Efforts to rid Harare of the typhoid outbreak have been going on for weeks now but the council is failing to rid the city of uncollected garbage. Not has it been able to repair burst sewer pipes that are believed to be aiding the spread of the disease.

City health workers stationed at treatment centers are disseminating information, in particular to those who have survived one bout with typhoid.

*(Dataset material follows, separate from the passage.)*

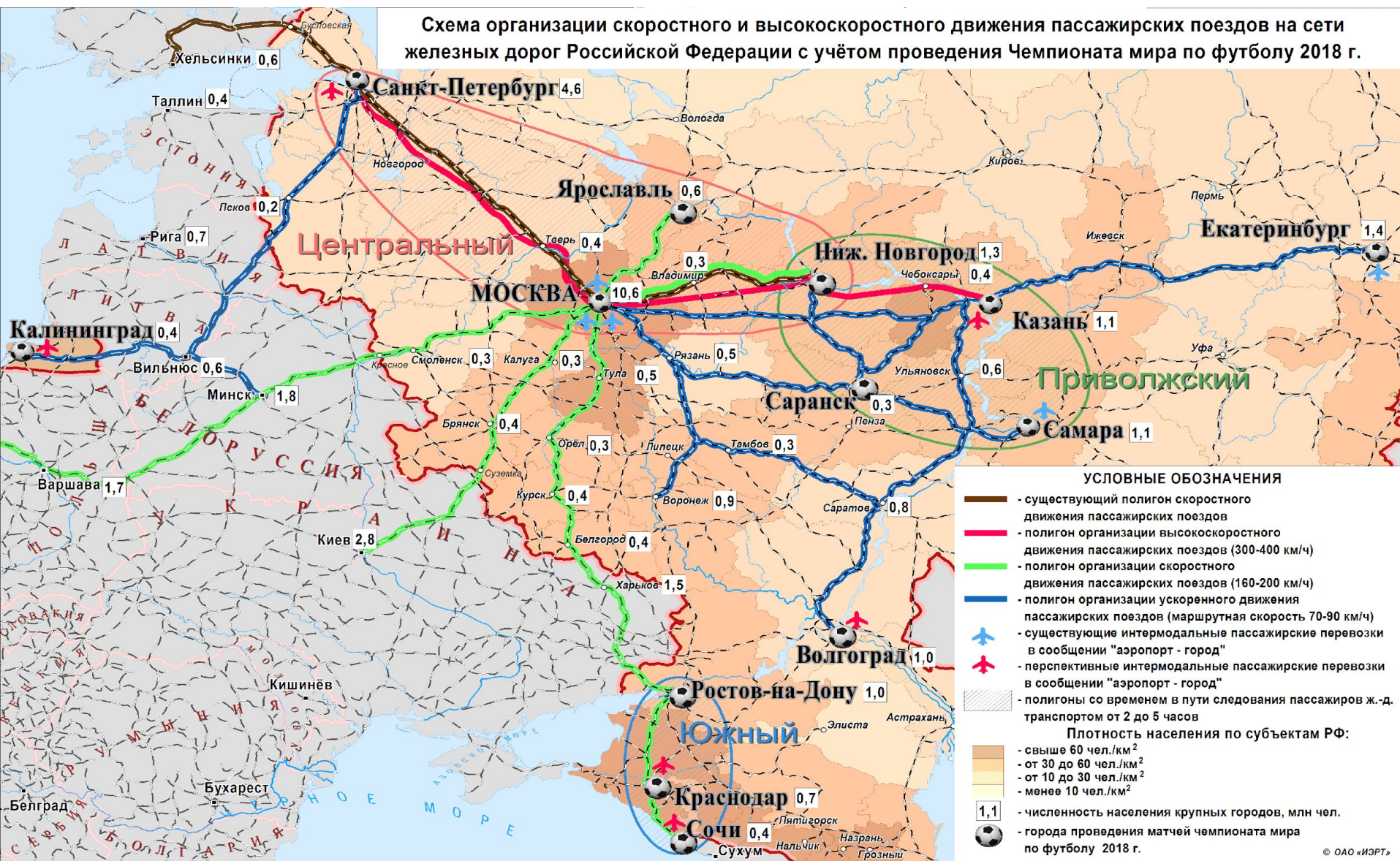
Схема организации скоростного и высокоскоростного движения пассажирских поездов на сети железных дорог Российской Федерации с учётом проведения Чемпионата мира по футболу 2018 г.

Maxwell Hungwe, a nurse at the Beatrice Infectious Diseases Hospital, said typhoid is highly infectious so the best way to deal with it is through prevention measures.

Harare resident Marble Ganyiwa said that while the city council is focusing its energies on removing vendors, it is not sufficiently addressing other factors in the outbreaks such as uncollected garbage, contaminated water supplies and burst sewer pipes.

The World Health Organization and United Nations Children’s Fund are helping with the distribution of water treatment tablets. Health officials are advising residents that even water from boreholes be boiled or made safe through the use of tablets.

World Health Organization official Dr. Custodia Mondlhate called for unity among all health organizations to address typhoid outbreaks in Harare's densely populated suburbs.

One resident of the Budiriro suburb who asked to be identified only as Mai Pher said her area has not yet seen the kind of preventive measures put in place during the cholera epidemic of 2008-2009, which claimed 4,200 lives in the country.

Not everyone is working in the same direction. Harare Councilor Peter Moyo said police are invoking the draconian Public Order and Security Act to bar public meetings that the city has tried to organize to educate residents on disease countermeasures.

About 30 new cases of typhoid are being reported every day, officials said.